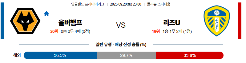 울버햄튼 대 리즈유나이티드 프리미어리그 09월20일 맞대결 생중계, 스포츠중계, 스포츠분석
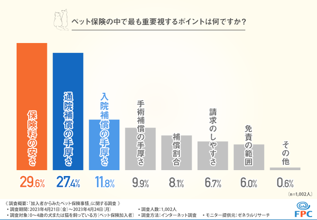ペット保険の中で最も重要視するポイントを聞いたところ、『保険料の安さ(29.6%)』『通院補償の手厚さ(27.4%)』『入院補償の手厚さ(11.8%)』という結果に
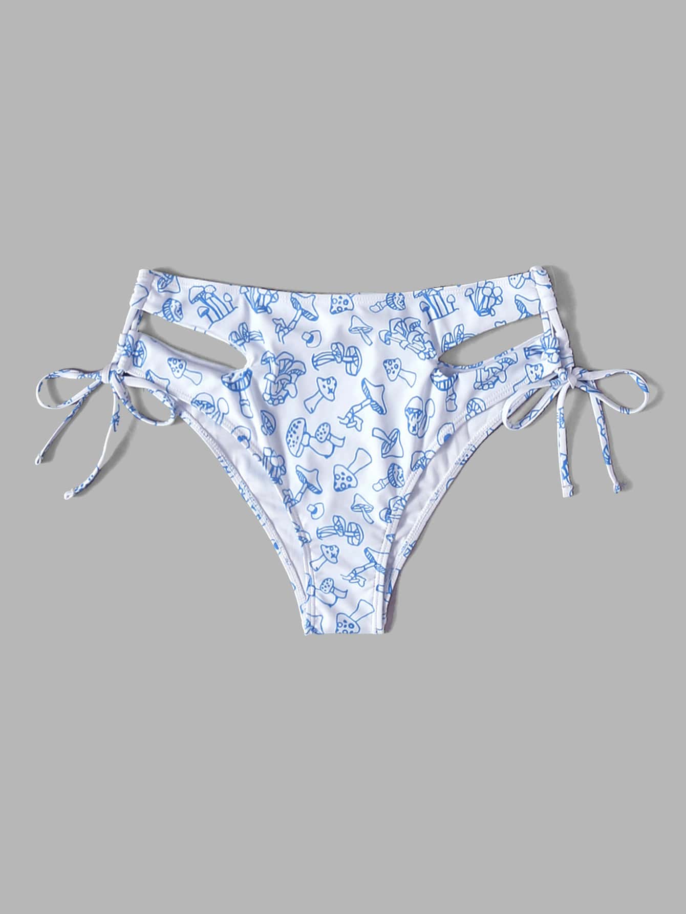 Mushroom Graphic Cut Out Knot Bikini Bottom

Exercise prompt
Would you give the data above again word for word, minus the pictures?

Solved problem
 울버햄튼 대 리즈유나이티드 프리미어리그 09월20일 맞대결 생중계, 스포츠중계, 스포츠분석
ペット保険の中で最も重要視するポイントを聞いたところ、『保険料の安さ(29.6%)』『通院補償の手厚さ(27.4%)』『入院補償の手厚さ(11.8%)』という結果に
 Mushroom Graphic Cut Out Knot Bikini Bottom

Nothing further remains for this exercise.